In the case of the Star Alliance the situation is similar, although it could add more than SkyTeam could from the South American end. The Lufthansa group has 10% of seats in the market in question. Avianca, Brazil's number four airline by seats, has just under 5% of seats on routes to Europe from Central/South America and is the only Latin American Star member operating in this market. Star member Copa does not serve Europe.

At the European end, the alliance also includes TAP Portugal, with a significant 9% share. Turkish Airlines has just over 1%, but seems unlikely to be involved in any JV on the South Atlantic, while Air China and Singapore Airlines have a very small share under fifth freedom rights.

SkyTeam and Star also have limited new options in Brazil's domestic market

In terms of developing their partnerships in the key domestic markets, indications are that SkyTeam and Star also have relatively limited options beyond their existing relationships. The biggest market in Latin America, both domestic and international, is Brazil, where the top four airlines Gol, TAM, Azul and Avianca Brazil control 99% of domestic seats.

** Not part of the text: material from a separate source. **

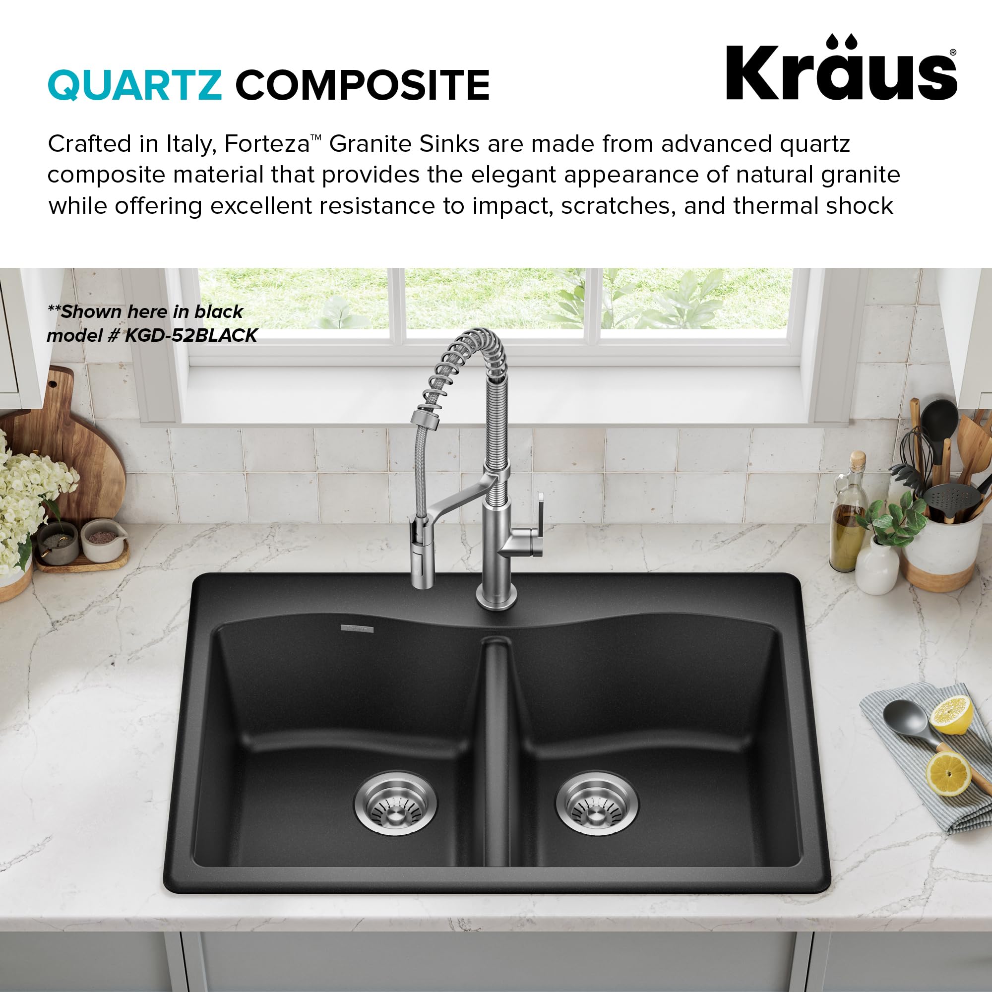 Forteza granite kitchen sinks are made from premium quartz composite material with the elegant look of natural granite, with rounded corners and smooth easy-to-clean surface. White kitchen sink offers a clean, bright aesthetic that works with any style of kitchen and pairs beautifully with trending matte black faucet finish. Dual mount sink for kitchen design allows you to install this Forteza sink as an undermount sink or drop in sink with any kind of countertop material, with thick mounting deck for a finished look. Durable white sink stands up to impact, scratches, shock, and is colored all the way through to resist fading. Deep sink bowl with sloped bottom for easy draining has ample space for large items. Installation-ready white granite sink comes with drain and hardware.

SkyTeam's Air France-KLM has an equity sake in LCC Gol, Brazil's largest airline by seats. Air France-KLM and Gol also have a bilateral commercial partnership involving expanded codesharing, network coordination, joint sales activities and frequent flyer programme cooperation. US SkyTeam member Delta also has a stake in Gol and is working on developing a JV.

The disadvantage faced by SkyTeam relative to the proposed IAG/LATAM JV is that Gol does not operate across the Atlantic to Europe, and it is not a member of SkyTeam.

See related report: Air France-KLM back in operating profit. GOL purchase expands its partner options beyond SkyTeam

Star's Lufthansa has a limited codeshare with Avianca Brazil, but this does not currently take the LH code into the domestic market. Lufthansa will no doubt be discussing changing this and developing its relationship to gain an offline presence in Brazil's domestic market.

In some ways mirroring Delta's investment in Gol, Star alliance member United took a 5% stake in Brazil's Azul in Jun-2015. It also has a commercial agreement with Azul, involving codeshares on routes between Brazil and the US and in the Brazilian domestic market. If Star's European members, led by Lufthansa, are intending to improve their access to the Brazilian market, then Azul must also be on the list of potential partners.

Conclusion: if approved, the deal will be good for IAG and LATAM

The proposed joint business agreement between IAG and LATAM will require regulatory approval, and this could lead to some concessions. Moreover, all joint ventures of this nature need time to bed in, and for all sides to grow accustomed to one another. However, it should strengthen both groups' businesses on routes between Europe and Latin America.

The oneworld alliance, whose capacity between the two regions is mainly contributed by the airlines of these two groups, is not the biggest alliance on the South Atlantic.

However, the advantages of having capacity in a joint venture with regulatory approval should outweigh SkyTeam's current simpler advantage of merely being the largest. It appears that SkyTeam and the smaller Star Alliance have limited options in terms of a response.